Mais elle sait s’adresser directement à elle, sans détour, notamment à propos des passages du Deuxième Sexe la concernant : « Je vous remercie de tout mon cœur de m’avoir citée plusieurs fois. C’était le moment pendant lequel vous écriviez mon nom dans un livre grave qui me touchait. Si vous saviez comme j’ai toujours peur de vous déplaire, de vous accabler. Je vous aime, vous le sentez que c’est vrai, que je vous aime. »

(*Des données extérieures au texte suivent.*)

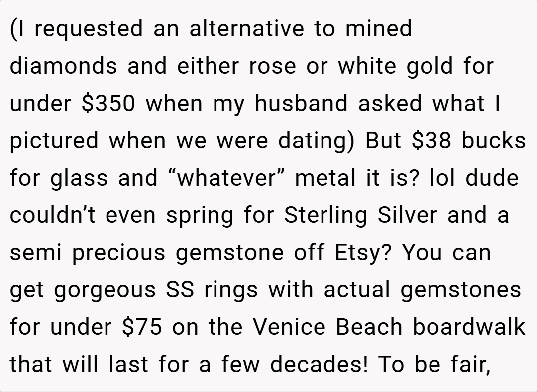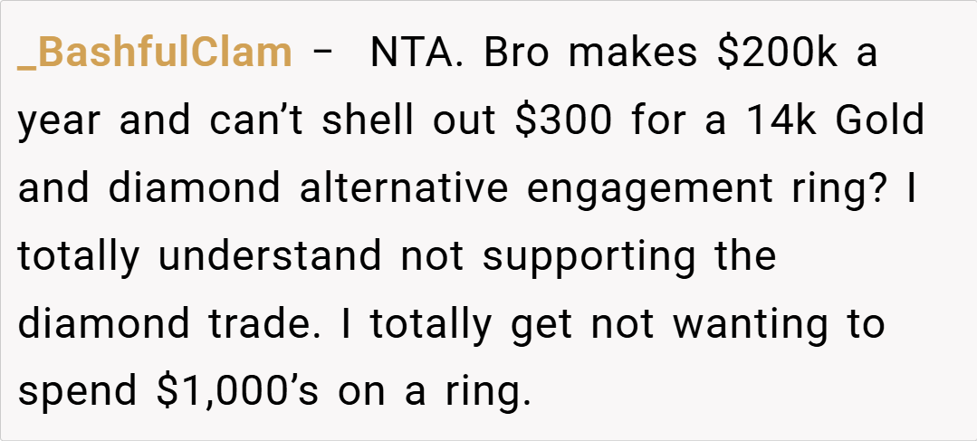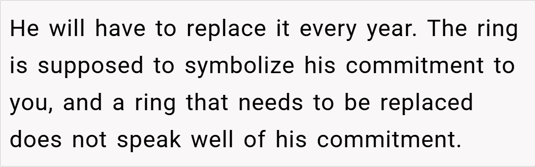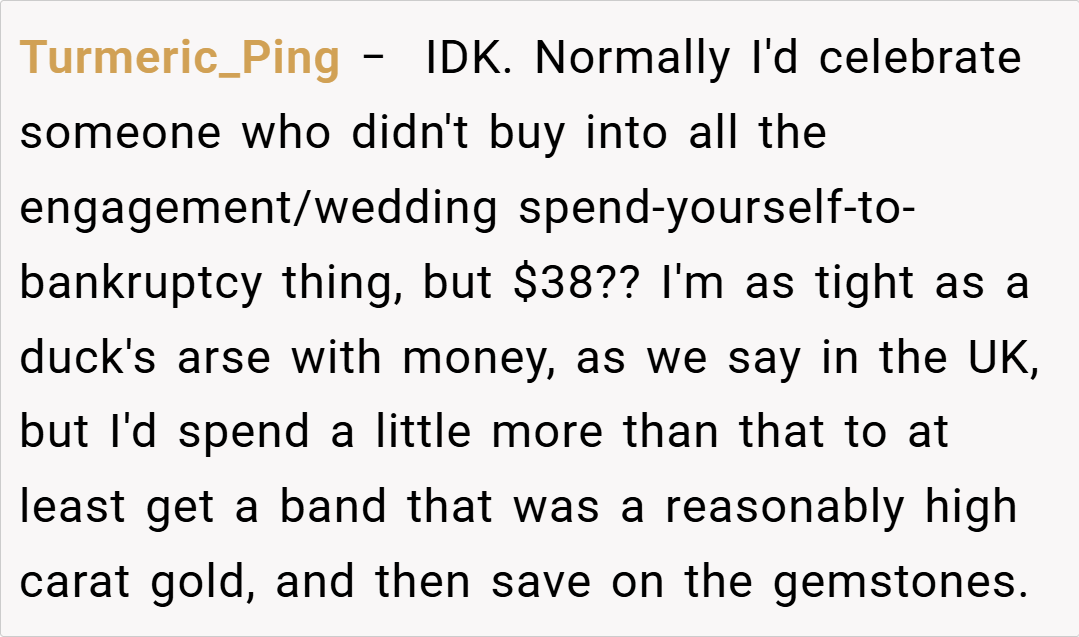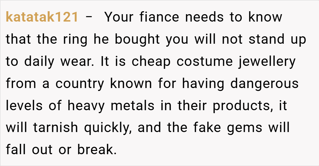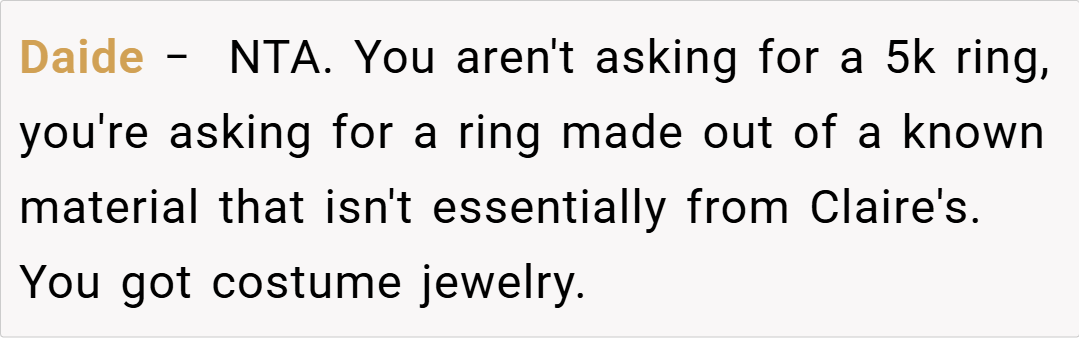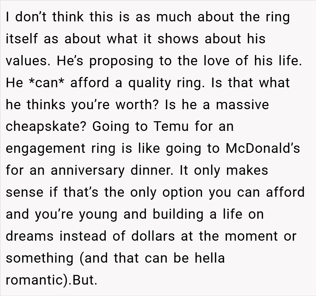 Many redditors empathize with OP’s concerns, stating that if your fiancé can easily afford a high-quality ring, settling for something from a discount site is disrespectful to the symbolism of the proposal.

Parfois harcelée par sa protégée, dont les délires paranoïaques ne vont pas tarder à poindre, exaspérée aussi à d’autres moments, Simone de Beauvoir apporte pourtant un soutien sans faille à Violette Leduc, allant jusqu’à lui faire attribuer une petite allocation, sur ses fonds propres et de façon anonyme, par Gallimard.
En mai 1954, toujours appuyée par Simone de Beauvoir et Sartre, Jean Genet, Albert Camus mais aussi Jacques Guérin, un riche industriel, collectionneur et homosexuel, Violette Leduc publie Ravages. Malgré le soutien de Simone de Beauvoir, le livre, lu par un cercle de lecture entièrement masculin chez Gallimard, est amputé des 150 premières pages, qui décrivaient les amours saphiques de Thérèse et Isabelle, ainsi qu’une partie de la scène –crue, clinique- de l’avortement que l’auteure a subi, à cinq mois et demi de grossesse, et dont elle a failli mourir. « Assassinat », « massacre », les mots de Violette Leduc ne seront pas assez forts pour exprimer sa révolte et son dégoût des conventions. « Le début supprimé, la suite n’aura pas de poids. Thérèse manquera de pesanteur. Il s’appelait Ravages […] je ne guérirai pas de notre amputation » Elle se sent humiliée et niée dans son identité de femme, puisque c’est en tant que telle qu’on veut la faire taire, elle et ses expériences interdites, elle dont l’écriture est jugée trop violente, alors que dans le même temps, Jean Genet a publié des écrits tout aussi violemment obscènes. « J’essaie de rendre le plus exactement possible, le plus minutieusement possible les sensations éprouvées dans l’amour physique. Il y a là sans doute quelque chose que toute femme peut comprendre. Je ne cherche pas le scandale mais seulement à décrire avec précision ce qu’une femme éprouve alors […]. » Même si Jacques Guérin lui offre l’année suivante, en guise de « petite consolation » une édition très limitée de l’intégrale de Thérèse et Isabelle diffusée dans un cercle restreint à destination de collectionneurs, Violette Leduc ne se remet pas de l’affront et entre six mois en clinique afin de soigner ses troubles maniaco-dépressifs d’une cure de sommeil, puis dans une maison de repos pour quelque temps supplémentaire.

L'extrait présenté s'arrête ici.